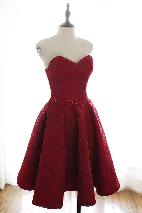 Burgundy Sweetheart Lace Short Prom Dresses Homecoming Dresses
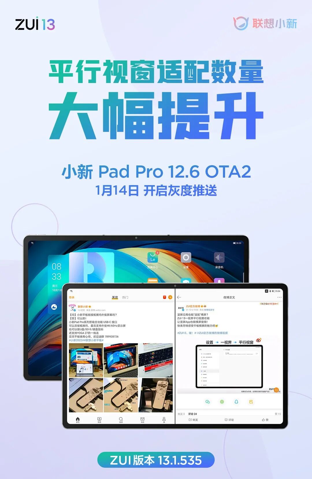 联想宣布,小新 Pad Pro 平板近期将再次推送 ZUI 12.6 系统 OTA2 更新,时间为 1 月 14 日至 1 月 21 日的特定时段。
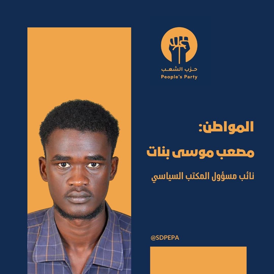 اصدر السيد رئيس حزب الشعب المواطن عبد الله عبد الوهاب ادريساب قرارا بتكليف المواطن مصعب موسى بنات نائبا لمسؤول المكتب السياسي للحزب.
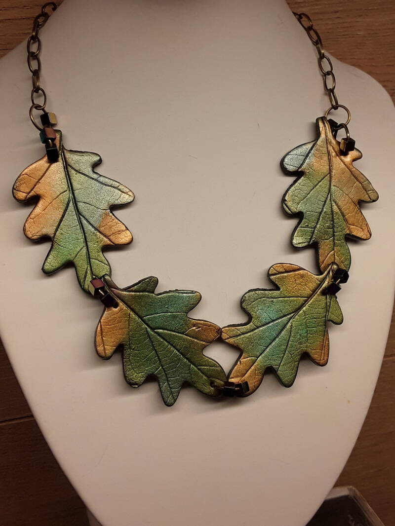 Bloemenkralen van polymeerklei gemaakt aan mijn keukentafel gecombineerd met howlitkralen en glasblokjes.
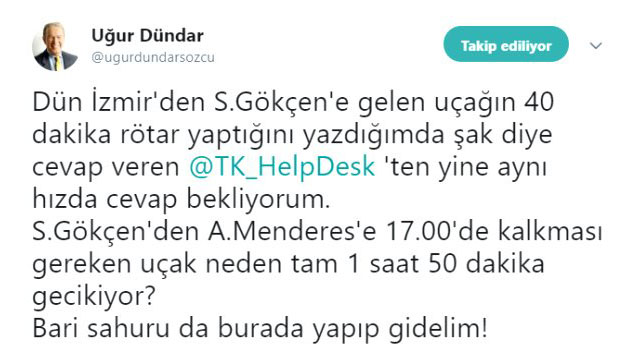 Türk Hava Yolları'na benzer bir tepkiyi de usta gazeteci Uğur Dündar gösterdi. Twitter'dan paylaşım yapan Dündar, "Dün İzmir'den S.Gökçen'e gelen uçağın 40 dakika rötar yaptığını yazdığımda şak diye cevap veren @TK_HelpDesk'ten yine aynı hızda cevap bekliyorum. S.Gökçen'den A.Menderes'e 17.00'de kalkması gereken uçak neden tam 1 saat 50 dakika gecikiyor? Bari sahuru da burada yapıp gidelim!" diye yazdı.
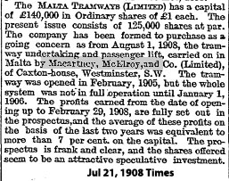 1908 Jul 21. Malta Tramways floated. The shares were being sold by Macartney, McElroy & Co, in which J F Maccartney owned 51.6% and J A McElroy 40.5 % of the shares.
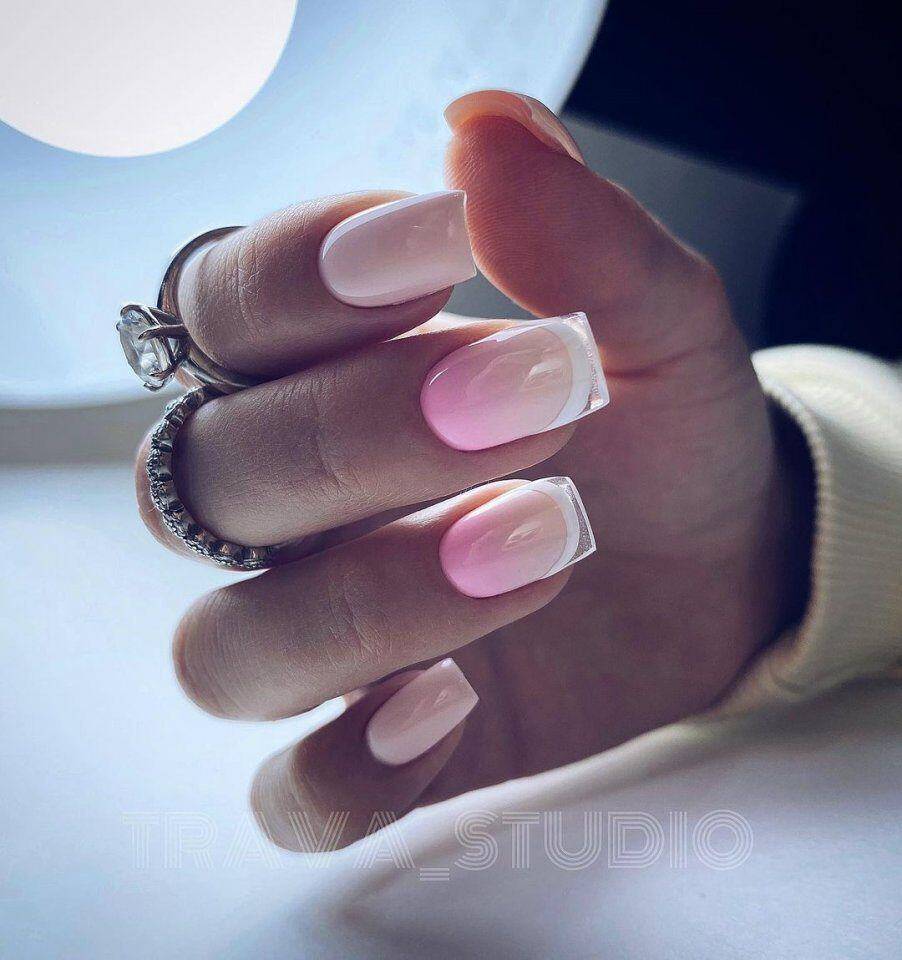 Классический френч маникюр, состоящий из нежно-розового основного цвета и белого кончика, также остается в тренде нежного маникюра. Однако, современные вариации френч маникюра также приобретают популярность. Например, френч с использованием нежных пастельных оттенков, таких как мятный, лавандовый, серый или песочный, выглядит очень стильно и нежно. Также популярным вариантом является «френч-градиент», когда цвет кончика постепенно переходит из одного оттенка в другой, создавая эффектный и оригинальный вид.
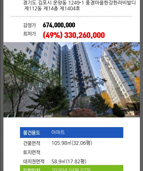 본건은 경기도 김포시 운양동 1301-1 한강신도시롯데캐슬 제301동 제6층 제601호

****************************************

**Exercise objective**
Where a line contains "Классический френч маникюр, состоящий", begin there and set down exactly each line through the end of the data above, omitting any pictures.

**Task result**
 Классический френч маникюр, состоящий из нежно-розового основного цвета и белого кончика, также остается в тренде нежного маникюра. Однако, современные вариации френч маникюра также приобретают популярность. Например, френч с использованием нежных пастельных оттенков, таких как мятный, лавандовый, серый или песочный, выглядит очень стильно и нежно. Также популярным вариантом является «френч-градиент», когда цвет кончика постепенно переходит из одного оттенка в другой, создавая эффектный и оригинальный вид.
 본건은 경기도 김포시 운양동 1301-1 한강신도시롯데캐슬 제301동 제6층 제601호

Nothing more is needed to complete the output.